[PROVIDED DATA]

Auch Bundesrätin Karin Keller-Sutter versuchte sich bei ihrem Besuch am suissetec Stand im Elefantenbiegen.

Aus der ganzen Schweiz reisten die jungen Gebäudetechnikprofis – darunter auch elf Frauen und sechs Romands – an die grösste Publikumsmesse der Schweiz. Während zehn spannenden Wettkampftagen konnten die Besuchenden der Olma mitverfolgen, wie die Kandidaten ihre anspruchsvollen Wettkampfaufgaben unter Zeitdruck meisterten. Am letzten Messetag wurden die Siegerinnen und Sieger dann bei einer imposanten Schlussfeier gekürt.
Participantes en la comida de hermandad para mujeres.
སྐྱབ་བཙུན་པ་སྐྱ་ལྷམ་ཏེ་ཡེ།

[/PROVIDED DATA]
[PROVIDED DATA]

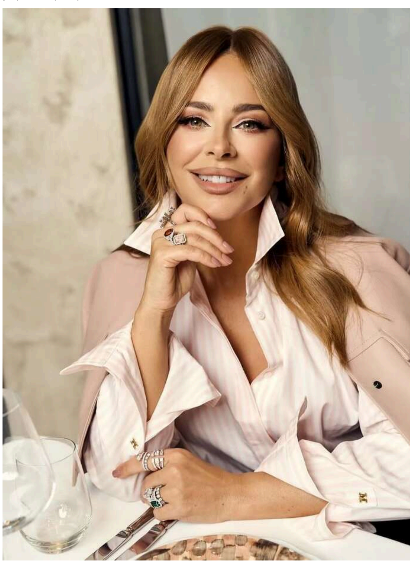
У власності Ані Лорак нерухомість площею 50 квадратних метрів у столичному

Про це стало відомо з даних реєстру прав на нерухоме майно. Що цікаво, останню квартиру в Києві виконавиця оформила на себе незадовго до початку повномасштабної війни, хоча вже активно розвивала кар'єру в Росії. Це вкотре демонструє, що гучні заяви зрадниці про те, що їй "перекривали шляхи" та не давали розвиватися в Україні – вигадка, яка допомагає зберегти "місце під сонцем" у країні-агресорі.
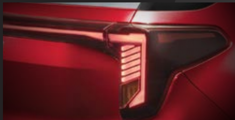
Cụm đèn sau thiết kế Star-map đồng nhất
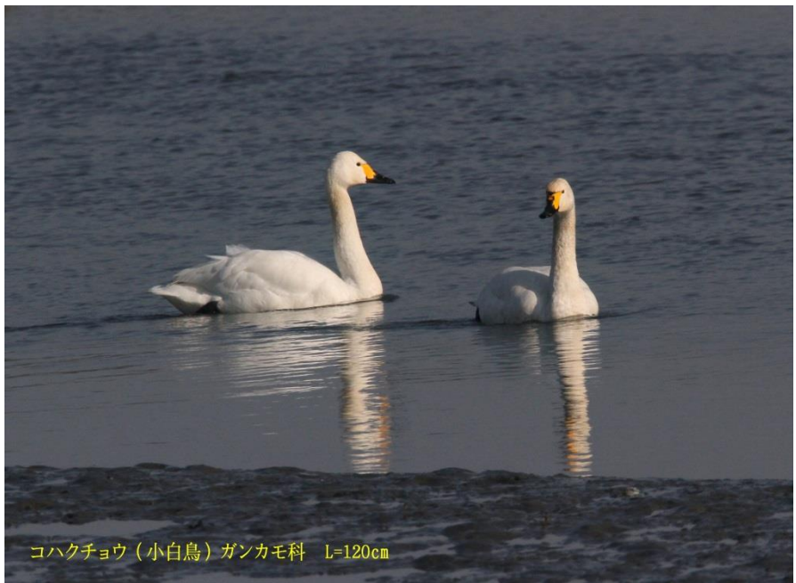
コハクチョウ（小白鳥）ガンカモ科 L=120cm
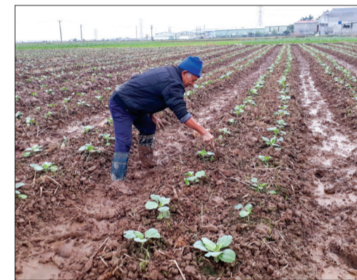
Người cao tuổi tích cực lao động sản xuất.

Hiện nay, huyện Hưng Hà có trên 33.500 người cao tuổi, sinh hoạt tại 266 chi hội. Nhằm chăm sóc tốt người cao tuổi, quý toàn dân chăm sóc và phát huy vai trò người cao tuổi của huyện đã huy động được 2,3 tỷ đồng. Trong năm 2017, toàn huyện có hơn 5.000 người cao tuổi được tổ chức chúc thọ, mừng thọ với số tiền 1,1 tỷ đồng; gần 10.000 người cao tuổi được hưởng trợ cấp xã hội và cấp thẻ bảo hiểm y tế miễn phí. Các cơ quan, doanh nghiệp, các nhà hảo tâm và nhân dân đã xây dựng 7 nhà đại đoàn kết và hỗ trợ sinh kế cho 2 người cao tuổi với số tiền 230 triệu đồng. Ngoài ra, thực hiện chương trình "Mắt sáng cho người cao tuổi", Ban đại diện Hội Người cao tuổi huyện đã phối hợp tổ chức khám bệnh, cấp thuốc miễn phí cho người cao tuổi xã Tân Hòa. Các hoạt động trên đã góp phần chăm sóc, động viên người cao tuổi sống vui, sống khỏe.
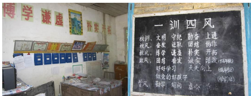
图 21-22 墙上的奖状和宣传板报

[/PROVIDED DATA]
[PROVIDED DATA]

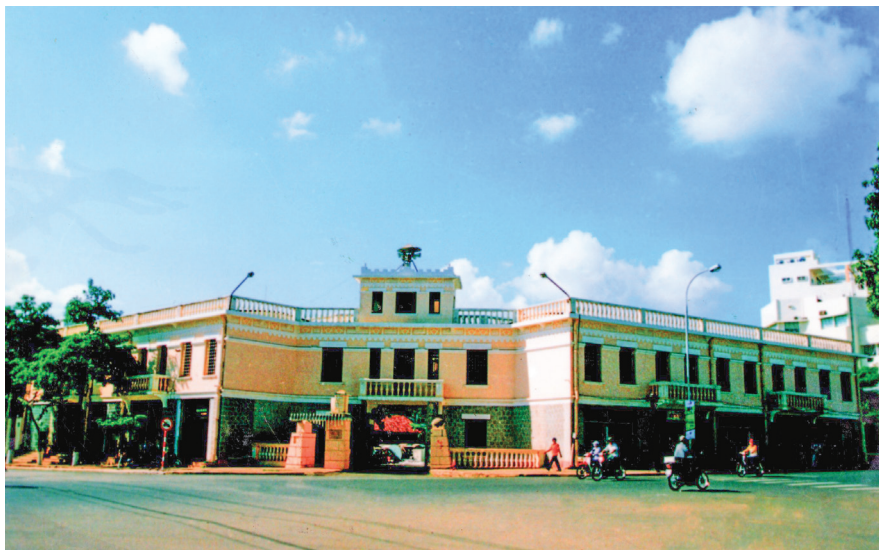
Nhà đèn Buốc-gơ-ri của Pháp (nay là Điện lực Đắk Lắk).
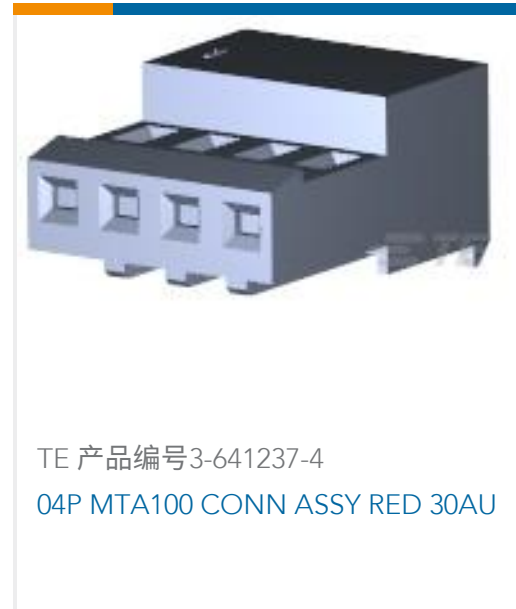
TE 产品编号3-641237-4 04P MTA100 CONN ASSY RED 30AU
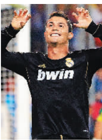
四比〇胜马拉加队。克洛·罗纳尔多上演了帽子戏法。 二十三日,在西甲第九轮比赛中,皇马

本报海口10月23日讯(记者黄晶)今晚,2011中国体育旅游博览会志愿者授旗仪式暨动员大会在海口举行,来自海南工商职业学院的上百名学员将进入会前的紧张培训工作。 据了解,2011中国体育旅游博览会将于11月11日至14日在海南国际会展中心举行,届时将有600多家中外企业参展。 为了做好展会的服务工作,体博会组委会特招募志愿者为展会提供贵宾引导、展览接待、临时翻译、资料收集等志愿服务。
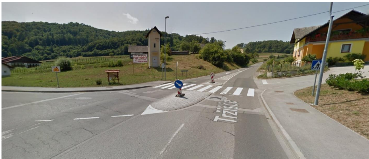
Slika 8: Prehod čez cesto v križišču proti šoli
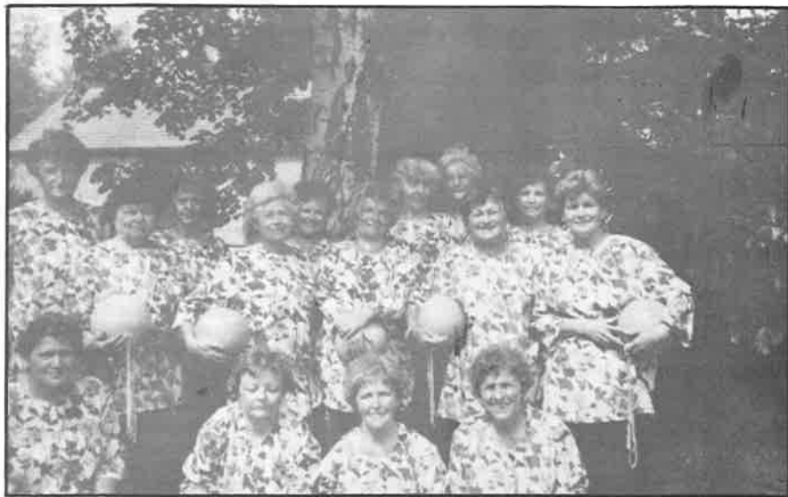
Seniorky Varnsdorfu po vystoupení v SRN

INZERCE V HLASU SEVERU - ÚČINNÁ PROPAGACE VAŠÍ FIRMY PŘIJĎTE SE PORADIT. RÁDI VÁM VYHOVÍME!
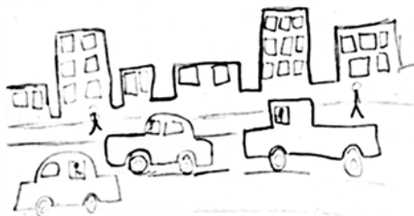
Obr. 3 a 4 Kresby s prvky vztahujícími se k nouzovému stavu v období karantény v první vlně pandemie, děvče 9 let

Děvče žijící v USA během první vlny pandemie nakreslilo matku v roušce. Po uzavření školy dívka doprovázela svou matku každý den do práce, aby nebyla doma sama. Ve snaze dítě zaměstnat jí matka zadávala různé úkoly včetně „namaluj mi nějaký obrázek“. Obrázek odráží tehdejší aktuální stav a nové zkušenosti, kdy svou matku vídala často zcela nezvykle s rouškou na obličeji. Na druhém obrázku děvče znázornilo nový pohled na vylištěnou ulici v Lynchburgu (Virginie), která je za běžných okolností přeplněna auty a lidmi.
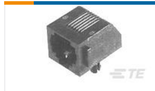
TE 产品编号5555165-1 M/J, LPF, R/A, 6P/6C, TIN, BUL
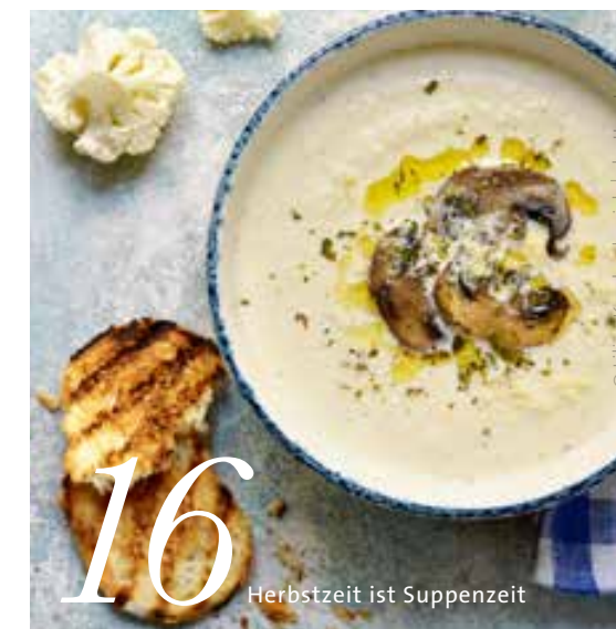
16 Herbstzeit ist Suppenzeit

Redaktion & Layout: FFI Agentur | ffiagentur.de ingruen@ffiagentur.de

[/PROVIDED DATA]

◆ WHAT IS REQUIRED: From the line that has "Auch Bundesrätin Karin" through the line that has "སྐྱབ་བཙུན་པ་སྐྱ་ལྷམ་ཏེ་ཡེ།", copy every line exactly as it appears above, and leave out all others.

◆ SOLVED PROBLEM:
Auch Bundesrätin Karin Keller-Sutter versuchte sich bei ihrem Besuch am suissetec Stand im Elefantenbiegen.

Aus der ganzen Schweiz reisten die jungen Gebäudetechnikprofis – darunter auch elf Frauen und sechs Romands – an die grösste Publikumsmesse der Schweiz. Während zehn spannenden Wettkampftagen konnten die Besuchenden der Olma mitverfolgen, wie die Kandidaten ihre anspruchsvollen Wettkampfaufgaben unter Zeitdruck meisterten. Am letzten Messetag wurden die Siegerinnen und Sieger dann bei einer imposanten Schlussfeier gekürt.
Participantes en la comida de hermandad para mujeres.
སྐྱབ་བཙུན་པ་སྐྱ་ལྷམ་ཏེ་ཡེ།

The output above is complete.